Moms’ public outrage has every reason to scare Republicans. Empirically, women’s role in protest is a direct avenue to more robust democracy. Harvard Kennedy School Professor Erica Chenoweth wrote a two-part series for Foreign Affairs and Ms. magazine, “The Patriarchs’ War on Women,” making the case that 20th-century mass movements demanding independence and democracy “were more successful at achieving their aims when women participated in larger numbers at the front lines. From the Philippines to Brazil, from Tunisia to Argentina, from Chile to Sudan, ‘people power’ movements were more likely to usher in sustained democratization when at least 25 percent of their participants were women.”

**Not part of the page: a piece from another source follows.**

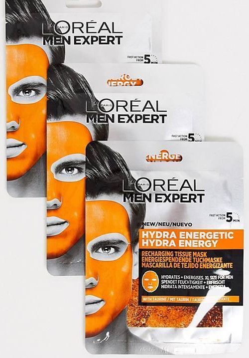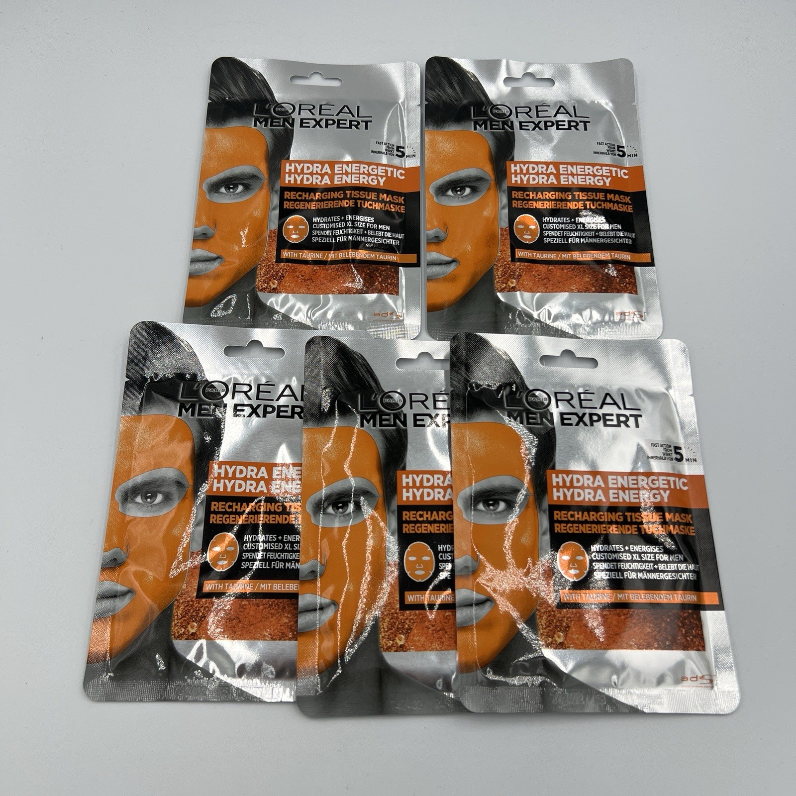 L'Oreal Paris Men Expert Hydra Energetic Tissue Face Mask 5 x 30g FREEPOST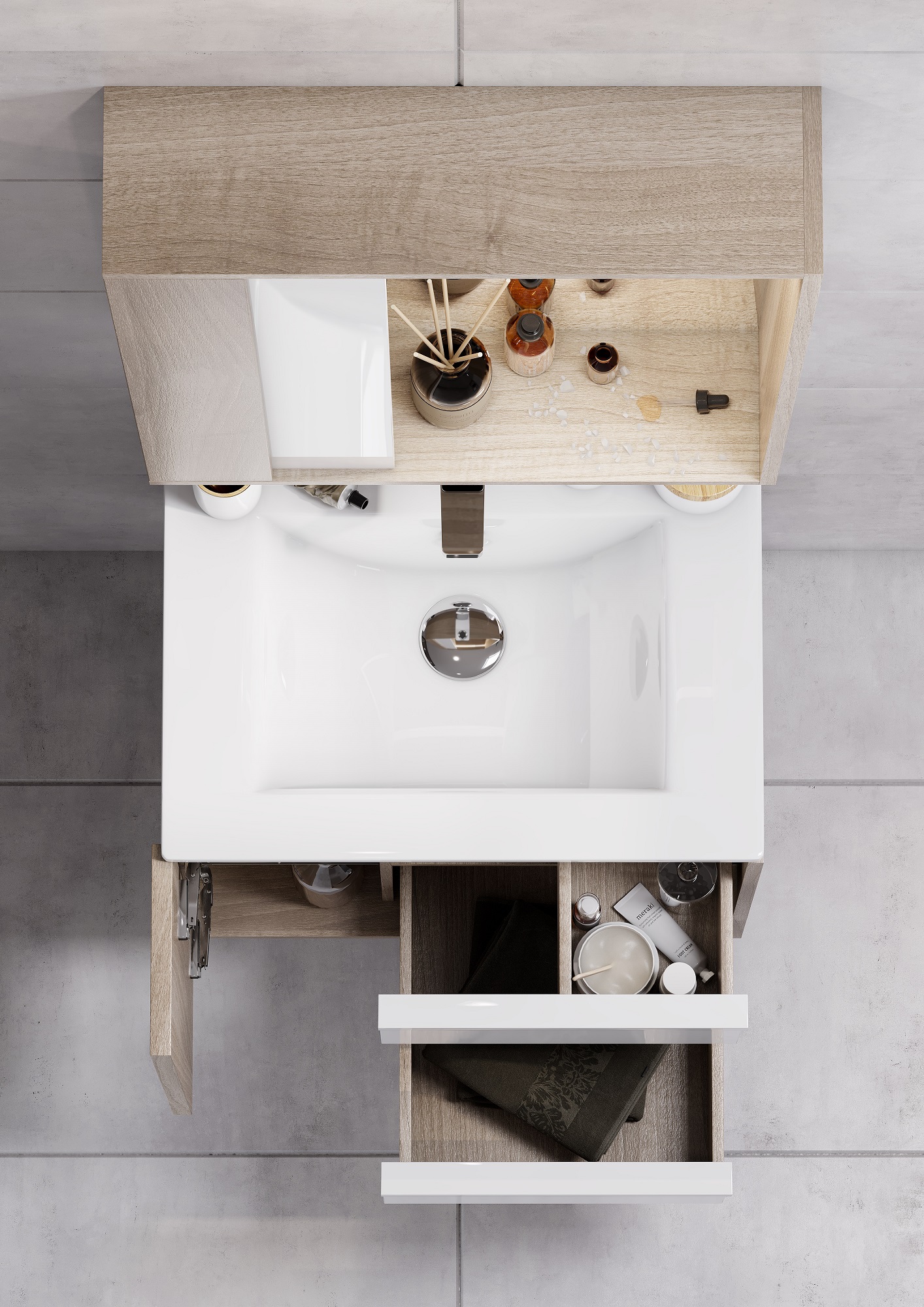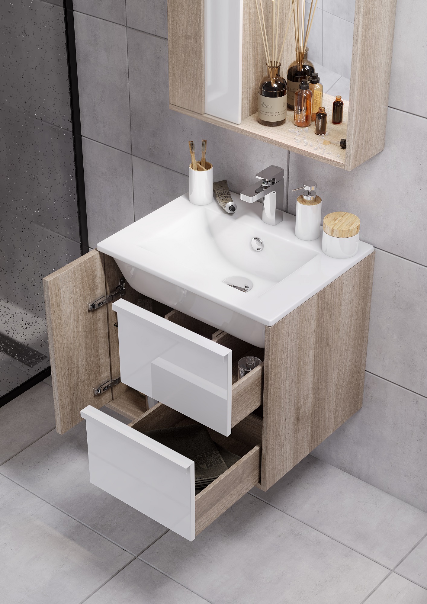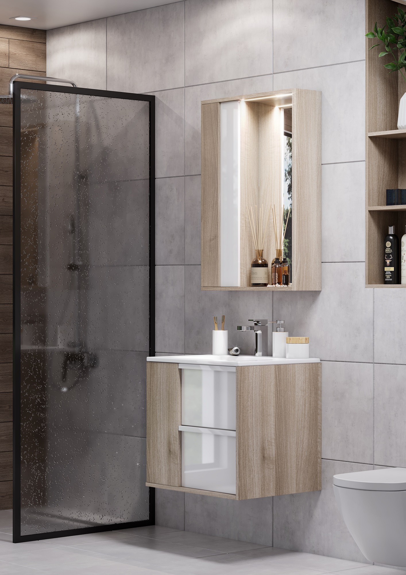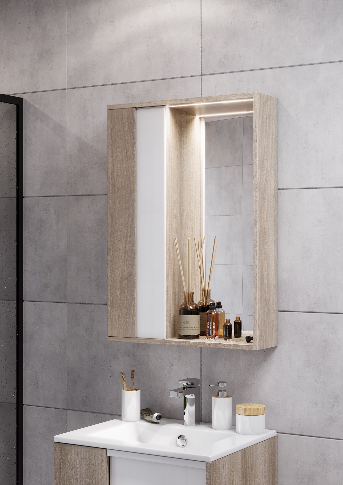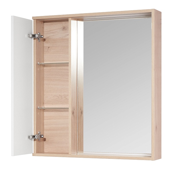 Зеркальный шкаф Бостон 75 от AQUATON подойдет всем, кто ценит стильный дизайн и практичность. Корпус выполнен из влагостойкой ЛДСП в элегантной декоративной отделке "дуб эврика". Комбинированный фасад, расположенный слева, окрашен в белоснежный глянцевый цвет и включает дополнительную накладку, выполненную в цвете корпуса. Петли снабжены доводчиками, что обеспечивает плавное и почти бесшумное закрывание дверцы. За фасадом находятся две регулируемые по высоте стеклянные полки. В верхнюю панель зеркального шкафа интегрирована LED-подсветка, обеспечивающая равномерное и красивое освещение зеркала и внутреннего отделения.

The fate of women’s rights is inextricably tied to the future of democracy. As it turns out, when moms—and all women—mobilize, we are best-suited to help achieve both.
In her recent viral New York Times column, “The Right Is Furious with Liberal White Women,” Michelle Goldberg wrote, “I have more ICE whistles in my house than I can count, because my neighbors are constantly handing them out, most recently at my daughter’s dance recital. Similar bourgeois mobilizations are happening all over the country.”
But what is happening right now appears to be far more palpable.
Rather, I think this Minneapolis mom better nails it:
“Women have always been told the same thing, especially moms. ‘Stay home, be polite, don’t get involved, don’t ask questions, be pretty and don’t pay attention.’… Here’s the problem with that. Mothers do notice. We notice when our neighbors are afraid to leave their homes. We notice when our schools and daycares are asking for ICE protocols. And boy do we notice when real families are being impacted while the rest of the world looks past it.”
Which brings us back to Claudette Colvin. Before her death, she told reporters that her activism and her ability to claim her seat on the bus felt like “Harriet Tubman’s hands pushing me down on one shoulder and Sojourner Truth’s hands pushing me down on the other shoulder—saying, ‘Sit down, girl!’”
Let us all now stand up in her image and honor. Brave women, bold mothers, wine and all, are truly our nation’s institutional spine and moral backbone. We drink at dusk and ride at dawn!